The task -
Please return each entry that follows exactly as given, but without pictures.

Input -
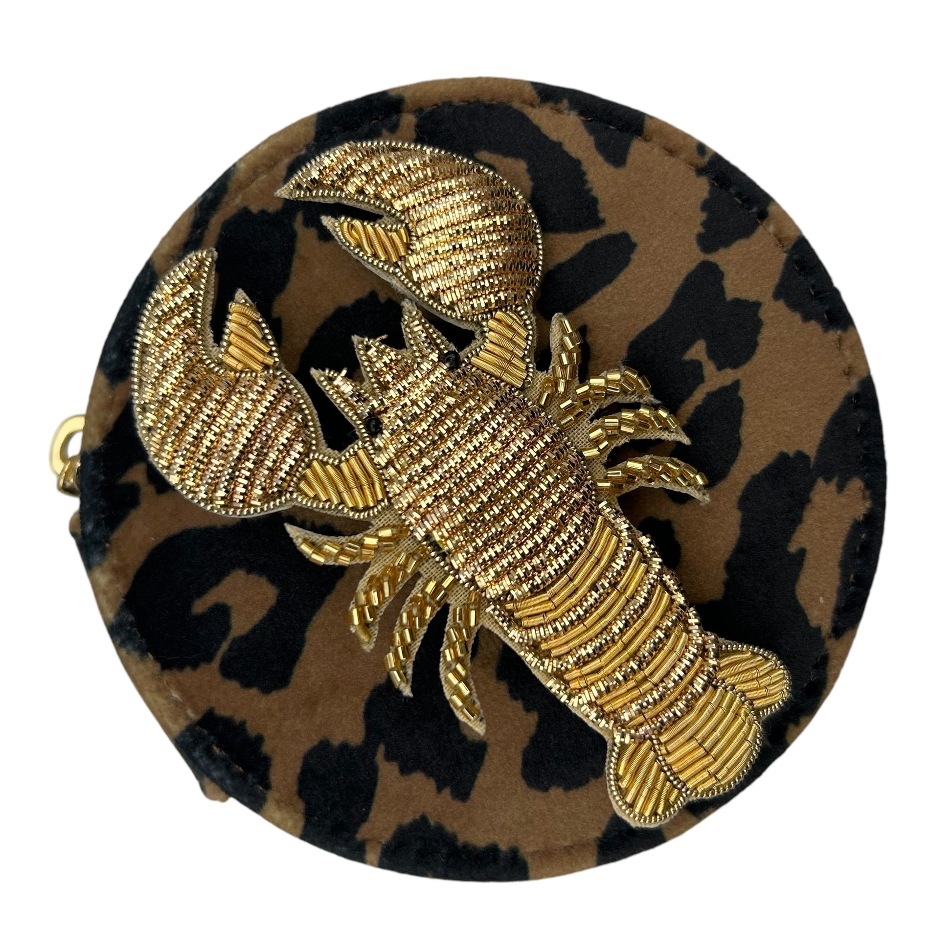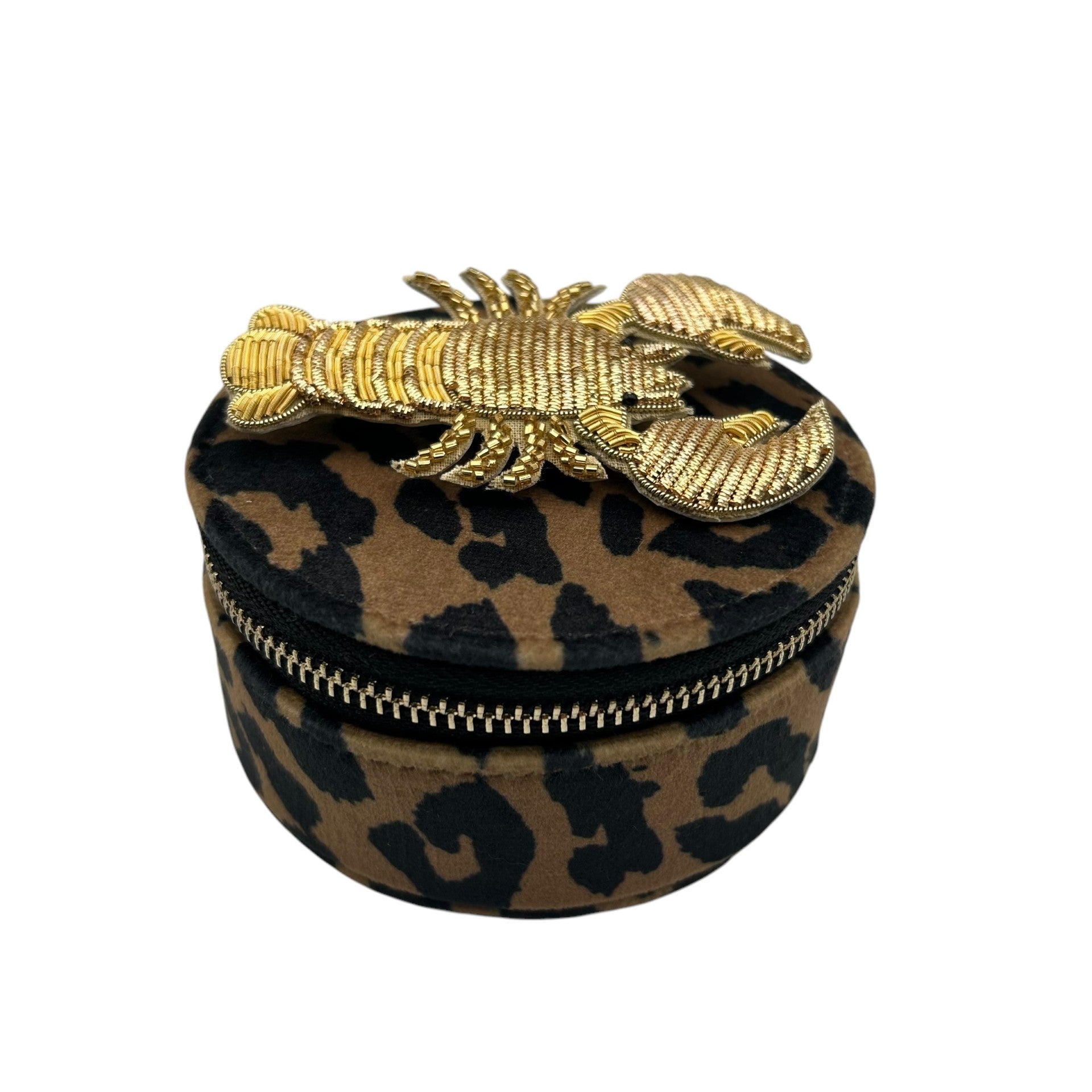 A gorgeous jewellery travel pot in a luxurious leopard print, made from recycled materials, with a detachable Lobster brooch.
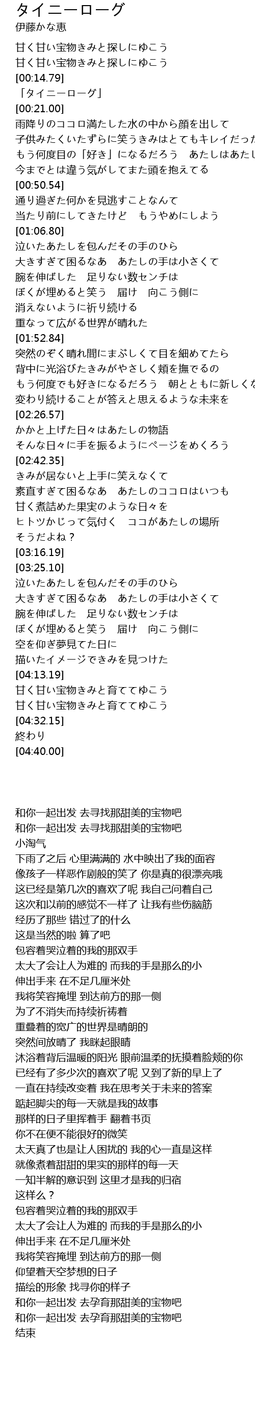 | [04:24.66] | 和你一起出发 去孕育那甜美的宝物吧 |
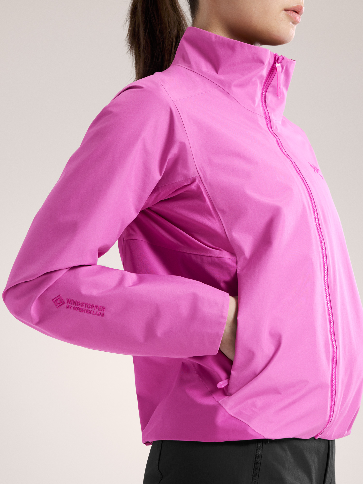Knife through exposed passes and relentless headwinds in this elevation-ready hiking shell with all the features of the hoody by the same name — minus the hood. The two-layer GORE-TEX fabric on the body, and sleeves provides focused wind protection and weather resistance without adding bulk to your worn weight. A highly breathable fabric under the arms and stretch-woven liner allow you to move naturally over scrambles and blowdown.
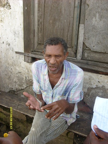 (…)O Sr. Januário com mais de 89 anos, é o residente mais idoso desta comunidade que habita a antiga empresa Diogo Vaz. Chegou a S. Tomé em 1918, trabalhou em regime de contrato, embora na realidade segundo o seu depoimento, o tenha feito em regime de trabalho forçado até à altura da independência. (…). Já com uma idade avançada, o Sr. Januário nega a vontade de regressar ao seu país de origem pelo facto de estar bem enraizado em S. Tomé; esta é pois a sua casa. (…)
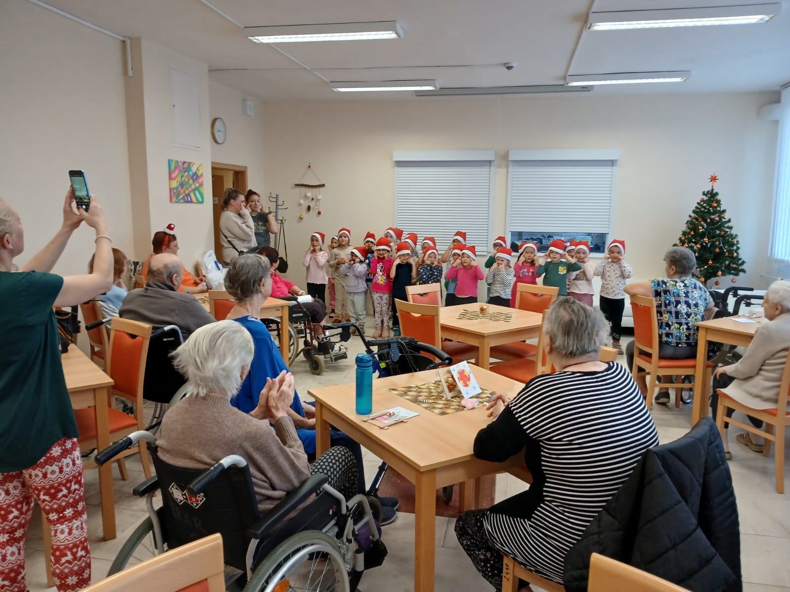 Následující den nás přišly navštívit děti z MŠ Bělehradská se svým vánočním vystoupením. Senioři si setkání velmi užili a děti obdarovali drobnými dárky. V ten stejný den, mezi nás přišli zástupci sboru dobrovolných hasičů – Mostecká Káčata a také předali dárky našim seniorům. Dále mezi nás také s dárky přišli studenti Soukromé základní školy Optima se zástupci Městské policie Most. Také oni nás potěšili svým vystoupením a vydali se zpět do školy. V pondělí 15. prosince 2025 za námi přijela s dárky také tisková mluvčí Ing. Danuše Vránová z věznice Bělušice. Zdejší odsouzení vyrobili ozdobné vázy, košíky a ošatky z pedigu, obrazy a další výrobky, které osobně předala paní Vránová naší vedoucí Lence Makovcové. 🙋🙋🙋
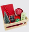 Ahşap Kasada Kırmızı Tükenmez Kalem & Defter & Metal Kutulu Mum & Mutlu Yıllar Kupa & Kalın Şal & Su Matarası Hediye Seti

Exercise answer -
 A gorgeous jewellery travel pot in a luxurious leopard print, made from recycled materials, with a detachable Lobster brooch.
 | [04:24.66] | 和你一起出发 去孕育那甜美的宝物吧 |
Knife through exposed passes and relentless headwinds in this elevation-ready hiking shell with all the features of the hoody by the same name — minus the hood. The two-layer GORE-TEX fabric on the body, and sleeves provides focused wind protection and weather resistance without adding bulk to your worn weight. A highly breathable fabric under the arms and stretch-woven liner allow you to move naturally over scrambles and blowdown.
 (…)O Sr. Januário com mais de 89 anos, é o residente mais idoso desta comunidade que habita a antiga empresa Diogo Vaz. Chegou a S. Tomé em 1918, trabalhou em regime de contrato, embora na realidade segundo o seu depoimento, o tenha feito em regime de trabalho forçado até à altura da independência. (…). Já com uma idade avançada, o Sr. Januário nega a vontade de regressar ao seu país de origem pelo facto de estar bem enraizado em S. Tomé; esta é pois a sua casa. (…)
 Následující den nás přišly navštívit děti z MŠ Bělehradská se svým vánočním vystoupením. Senioři si setkání velmi užili a děti obdarovali drobnými dárky. V ten stejný den, mezi nás přišli zástupci sboru dobrovolných hasičů – Mostecká Káčata a také předali dárky našim seniorům. Dále mezi nás také s dárky přišli studenti Soukromé základní školy Optima se zástupci Městské policie Most. Také oni nás potěšili svým vystoupením a vydali se zpět do školy. V pondělí 15. prosince 2025 za námi přijela s dárky také tisková mluvčí Ing. Danuše Vránová z věznice Bělušice. Zdejší odsouzení vyrobili ozdobné vázy, košíky a ošatky z pedigu, obrazy a další výrobky, které osobně předala paní Vránová naší vedoucí Lence Makovcové. 🙋🙋🙋
 Ahşap Kasada Kırmızı Tükenmez Kalem & Defter & Metal Kutulu Mum & Mutlu Yıllar Kupa & Kalın Şal & Su Matarası Hediye Seti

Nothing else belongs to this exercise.